=== What the exercise asks ===
The records come next. Copy all of them exactly.

*** Opening of Data for review ***

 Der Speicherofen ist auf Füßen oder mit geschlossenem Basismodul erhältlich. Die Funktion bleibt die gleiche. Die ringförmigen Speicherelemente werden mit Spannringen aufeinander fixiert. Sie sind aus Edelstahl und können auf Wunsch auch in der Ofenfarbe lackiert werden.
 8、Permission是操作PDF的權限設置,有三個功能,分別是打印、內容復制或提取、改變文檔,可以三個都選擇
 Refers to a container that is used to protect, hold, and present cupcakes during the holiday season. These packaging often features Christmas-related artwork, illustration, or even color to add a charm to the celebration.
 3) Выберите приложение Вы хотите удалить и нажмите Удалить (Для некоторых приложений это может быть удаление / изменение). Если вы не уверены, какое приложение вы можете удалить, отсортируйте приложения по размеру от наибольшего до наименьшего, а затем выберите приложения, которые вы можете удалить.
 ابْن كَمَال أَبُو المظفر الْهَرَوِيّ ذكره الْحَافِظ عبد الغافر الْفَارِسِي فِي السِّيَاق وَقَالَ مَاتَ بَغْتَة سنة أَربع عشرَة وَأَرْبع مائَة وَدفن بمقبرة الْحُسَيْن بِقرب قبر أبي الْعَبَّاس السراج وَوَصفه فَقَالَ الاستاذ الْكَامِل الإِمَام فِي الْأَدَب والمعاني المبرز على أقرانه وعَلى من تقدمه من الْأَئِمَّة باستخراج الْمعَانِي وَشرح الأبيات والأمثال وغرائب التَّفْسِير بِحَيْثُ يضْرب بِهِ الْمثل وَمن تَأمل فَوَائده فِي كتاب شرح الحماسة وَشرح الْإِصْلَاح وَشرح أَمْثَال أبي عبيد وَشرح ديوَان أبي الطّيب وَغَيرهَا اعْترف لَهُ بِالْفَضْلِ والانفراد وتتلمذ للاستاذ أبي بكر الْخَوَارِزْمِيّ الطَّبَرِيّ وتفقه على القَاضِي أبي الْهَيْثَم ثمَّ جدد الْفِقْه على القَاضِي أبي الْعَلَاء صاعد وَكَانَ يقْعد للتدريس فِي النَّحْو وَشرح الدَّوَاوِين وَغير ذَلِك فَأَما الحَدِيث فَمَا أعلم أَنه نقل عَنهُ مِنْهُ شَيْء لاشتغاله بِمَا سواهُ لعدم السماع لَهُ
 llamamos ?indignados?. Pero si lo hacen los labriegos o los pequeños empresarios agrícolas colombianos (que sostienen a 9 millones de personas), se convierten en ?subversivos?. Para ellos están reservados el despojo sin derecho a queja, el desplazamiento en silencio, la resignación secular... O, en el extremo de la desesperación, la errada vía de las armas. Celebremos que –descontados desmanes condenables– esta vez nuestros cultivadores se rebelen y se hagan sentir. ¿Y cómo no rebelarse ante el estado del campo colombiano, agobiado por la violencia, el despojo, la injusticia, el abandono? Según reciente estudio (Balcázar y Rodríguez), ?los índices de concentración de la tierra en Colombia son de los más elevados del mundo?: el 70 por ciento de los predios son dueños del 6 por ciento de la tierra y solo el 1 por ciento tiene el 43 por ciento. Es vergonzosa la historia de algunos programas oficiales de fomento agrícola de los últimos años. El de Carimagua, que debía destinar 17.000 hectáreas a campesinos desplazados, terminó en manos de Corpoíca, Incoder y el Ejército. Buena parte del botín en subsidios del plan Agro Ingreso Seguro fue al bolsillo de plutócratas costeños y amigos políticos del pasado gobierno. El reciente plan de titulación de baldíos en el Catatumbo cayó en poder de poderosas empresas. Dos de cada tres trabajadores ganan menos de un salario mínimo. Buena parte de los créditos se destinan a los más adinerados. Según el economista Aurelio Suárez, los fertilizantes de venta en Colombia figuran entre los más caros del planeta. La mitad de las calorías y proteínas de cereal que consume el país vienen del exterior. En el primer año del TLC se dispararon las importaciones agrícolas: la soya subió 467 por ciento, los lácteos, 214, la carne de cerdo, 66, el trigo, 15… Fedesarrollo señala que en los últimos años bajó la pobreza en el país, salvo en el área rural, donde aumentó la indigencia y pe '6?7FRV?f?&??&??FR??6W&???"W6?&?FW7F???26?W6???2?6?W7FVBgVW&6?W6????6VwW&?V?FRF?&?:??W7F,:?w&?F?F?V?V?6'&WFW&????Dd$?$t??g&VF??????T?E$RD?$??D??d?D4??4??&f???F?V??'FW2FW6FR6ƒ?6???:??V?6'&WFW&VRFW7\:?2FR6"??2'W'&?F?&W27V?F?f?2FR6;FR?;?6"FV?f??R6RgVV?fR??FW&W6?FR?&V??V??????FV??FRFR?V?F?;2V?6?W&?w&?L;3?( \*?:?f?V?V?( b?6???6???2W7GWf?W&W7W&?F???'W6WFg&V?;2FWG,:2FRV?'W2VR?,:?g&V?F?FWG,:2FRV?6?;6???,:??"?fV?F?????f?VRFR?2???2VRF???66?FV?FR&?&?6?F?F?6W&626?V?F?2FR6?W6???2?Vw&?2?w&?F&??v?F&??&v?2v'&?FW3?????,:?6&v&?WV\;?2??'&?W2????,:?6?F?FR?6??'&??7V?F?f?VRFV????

*** Close of Data for review ***

=== Answer for this exercise ===
 Der Speicherofen ist auf Füßen oder mit geschlossenem Basismodul erhältlich. Die Funktion bleibt die gleiche. Die ringförmigen Speicherelemente werden mit Spannringen aufeinander fixiert. Sie sind aus Edelstahl und können auf Wunsch auch in der Ofenfarbe lackiert werden.
 8、Permission是操作PDF的權限設置,有三個功能,分別是打印、內容復制或提取、改變文檔,可以三個都選擇
 Refers to a container that is used to protect, hold, and present cupcakes during the holiday season. These packaging often features Christmas-related artwork, illustration, or even color to add a charm to the celebration.
 3) Выберите приложение Вы хотите удалить и нажмите Удалить (Для некоторых приложений это может быть удаление / изменение). Если вы не уверены, какое приложение вы можете удалить, отсортируйте приложения по размеру от наибольшего до наименьшего, а затем выберите приложения, которые вы можете удалить.
 ابْن كَمَال أَبُو المظفر الْهَرَوِيّ ذكره الْحَافِظ عبد الغافر الْفَارِسِي فِي السِّيَاق وَقَالَ مَاتَ بَغْتَة سنة أَربع عشرَة وَأَرْبع مائَة وَدفن بمقبرة الْحُسَيْن بِقرب قبر أبي الْعَبَّاس السراج وَوَصفه فَقَالَ الاستاذ الْكَامِل الإِمَام فِي الْأَدَب والمعاني المبرز على أقرانه وعَلى من تقدمه من الْأَئِمَّة باستخراج الْمعَانِي وَشرح الأبيات والأمثال وغرائب التَّفْسِير بِحَيْثُ يضْرب بِهِ الْمثل وَمن تَأمل فَوَائده فِي كتاب شرح الحماسة وَشرح الْإِصْلَاح وَشرح أَمْثَال أبي عبيد وَشرح ديوَان أبي الطّيب وَغَيرهَا اعْترف لَهُ بِالْفَضْلِ والانفراد وتتلمذ للاستاذ أبي بكر الْخَوَارِزْمِيّ الطَّبَرِيّ وتفقه على القَاضِي أبي الْهَيْثَم ثمَّ جدد الْفِقْه على القَاضِي أبي الْعَلَاء صاعد وَكَانَ يقْعد للتدريس فِي النَّحْو وَشرح الدَّوَاوِين وَغير ذَلِك فَأَما الحَدِيث فَمَا أعلم أَنه نقل عَنهُ مِنْهُ شَيْء لاشتغاله بِمَا سواهُ لعدم السماع لَهُ
 llamamos ?indignados?. Pero si lo hacen los labriegos o los pequeños empresarios agrícolas colombianos (que sostienen a 9 millones de personas), se convierten en ?subversivos?. Para ellos están reservados el despojo sin derecho a queja, el desplazamiento en silencio, la resignación secular... O, en el extremo de la desesperación, la errada vía de las armas. Celebremos que –descontados desmanes condenables– esta vez nuestros cultivadores se rebelen y se hagan sentir. ¿Y cómo no rebelarse ante el estado del campo colombiano, agobiado por la violencia, el despojo, la injusticia, el abandono? Según reciente estudio (Balcázar y Rodríguez), ?los índices de concentración de la tierra en Colombia son de los más elevados del mundo?: el 70 por ciento de los predios son dueños del 6 por ciento de la tierra y solo el 1 por ciento tiene el 43 por ciento. Es vergonzosa la historia de algunos programas oficiales de fomento agrícola de los últimos años. El de Carimagua, que debía destinar 17.000 hectáreas a campesinos desplazados, terminó en manos de Corpoíca, Incoder y el Ejército. Buena parte del botín en subsidios del plan Agro Ingreso Seguro fue al bolsillo de plutócratas costeños y amigos políticos del pasado gobierno. El reciente plan de titulación de baldíos en el Catatumbo cayó en poder de poderosas empresas. Dos de cada tres trabajadores ganan menos de un salario mínimo. Buena parte de los créditos se destinan a los más adinerados. Según el economista Aurelio Suárez, los fertilizantes de venta en Colombia figuran entre los más caros del planeta. La mitad de las calorías y proteínas de cereal que consume el país vienen del exterior. En el primer año del TLC se dispararon las importaciones agrícolas: la soya subió 467 por ciento, los lácteos, 214, la carne de cerdo, 66, el trigo, 15… Fedesarrollo señala que en los últimos años bajó la pobreza en el país, salvo en el área rural, donde aumentó la indigencia y pe '6?7FRV?f?&??&??FR??6W&???"W6?&?FW7F???26?W6???2?6?W7FVBgVW&6?W6????6VwW&?V?FRF?&?:??W7F,:?w&?F?F?V?V?6'&WFW&????Dd$?$t??g&VF??????T?E$RD?$??D??d?D4??4??&f???F?V??'FW2FW6FR6ƒ?6???:??V?6'&WFW&VRFW7\:?2FR6"??2'W'&?F?&W27V?F?f?2FR6;FR?;?6"FV?f??R6RgVV?fR??FW&W6?FR?&V??V??????FV??FRFR?V?F?;2V?6?W&?w&?L;3?( \*?:?f?V?V?( b?6???6???2W7GWf?W&W7W&?F???'W6WFg&V?;2FWG,:2FRV?'W2VR?,:?g&V?F?FWG,:2FRV?6?;6???,:??"?fV?F?????f?VRFR?2???2VRF???66?FV?FR&?&?6?F?F?6W&626?V?F?2FR6?W6???2?Vw&?2?w&?F&??v?F&??&v?2v'&?FW3?????,:?6&v&?WV\;?2??'&?W2????,:?6?F?FR?6??'&??7V?F?f?VRFV????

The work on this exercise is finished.